In fact, we can determine both $\alpha$ and $\beta$ using just the law of cosines. If we take the side length as $s$, we can see that:
$$ \begin{align} 2 ab \cos \alpha &= a^2 + b^2 - s^2 \\ 2 cd \cos \beta &= c^2 + d^2 - s^2 \\ \end{align} $$
The lengths $a, b, c,$ and $d$ are determined easily by the Pythagorean distance formula, which I'll assume is well-known. I could write out a bunch of messy equations here, but I'm pretty sure that's not useful.
However, there is one more thing of note. Just as a square has eightfold symmetry, the probability at various points has the same. That is, one should expect the same probability for points at $(0.6, 0.3), (-0.6, -0.3)$, and $(0.3, -0.6)$. Hence, the following transformations make the math slightly simpler:
$$ x' = \max(|x|, |y|) \ ; \ y' = \min(|x|, |y|) $$
This transform maps every point in the square onto a point with $x \geq 0, y \geq 0, x \geq y$.
Other minor points of interest:
- At the origin, the probability is $1$, as all the angles are right angles. Note that "probability" at this point means "number of points at the edges that can produce an admissible line, divided by all points."

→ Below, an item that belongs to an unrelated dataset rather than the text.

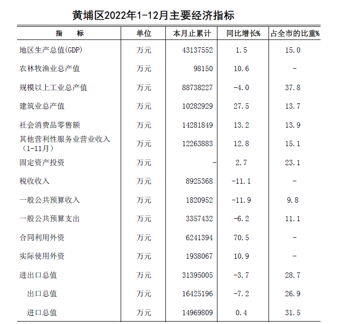 2022年12月黃埔區主要經濟指標

- The probability drops to a minimum of $0.25$ at the corners, and to around $0.30$ at the centers of the edges.


Let $A=(a/2;b/2)$, $B=(-a/2;b/2)$, $C=(-a/2;-b/2)$, $D=(a/2;-b/2$.
Consider rectangle $(x,y;x+dx,y+dy)$, taking for simplicity (because of symmetry) $x>0$, $y>0$.
The minimum slope for this rectangle is $k_{min}=\frac{y}{x+dx}=\frac{y}{x}\frac{1}{1+dx/x}=\frac{y}{x}(1-dx/x)=\frac{y}{x}-\frac{y}{x^2}dx$. The maximum slope is $k_{max}=\frac{y+dy}{x}=\frac{y}{x}+\frac{1}{x}dy$.
The number of lines going through the rectangle is $N=\int_{k_{min}}^{k_{max}} f(k) dk$, where $f(k)$ is distribution function for slopes. $k_{min}-k_{max}=\frac{1}{x}dy+\frac{y}{x^2}dx$, $N=f(y/x) \cdot\left(\frac{1}{x}dy+\frac{y}{x^2}dx\right)$. $N$ is not proportional to $dx dy$, so we cannot use density per area here, but we can introduce line density as ratio of $N$ to infinitesimal square side $dy=dx$. Such density is $f(y/x)\cdot (1/x+y/x^2)$.
The constant slope distribution function $f(k)=A$ makes lines distibution more dense along $y$-axis ($x=0$), because this area corresponds to infinite $k$-range.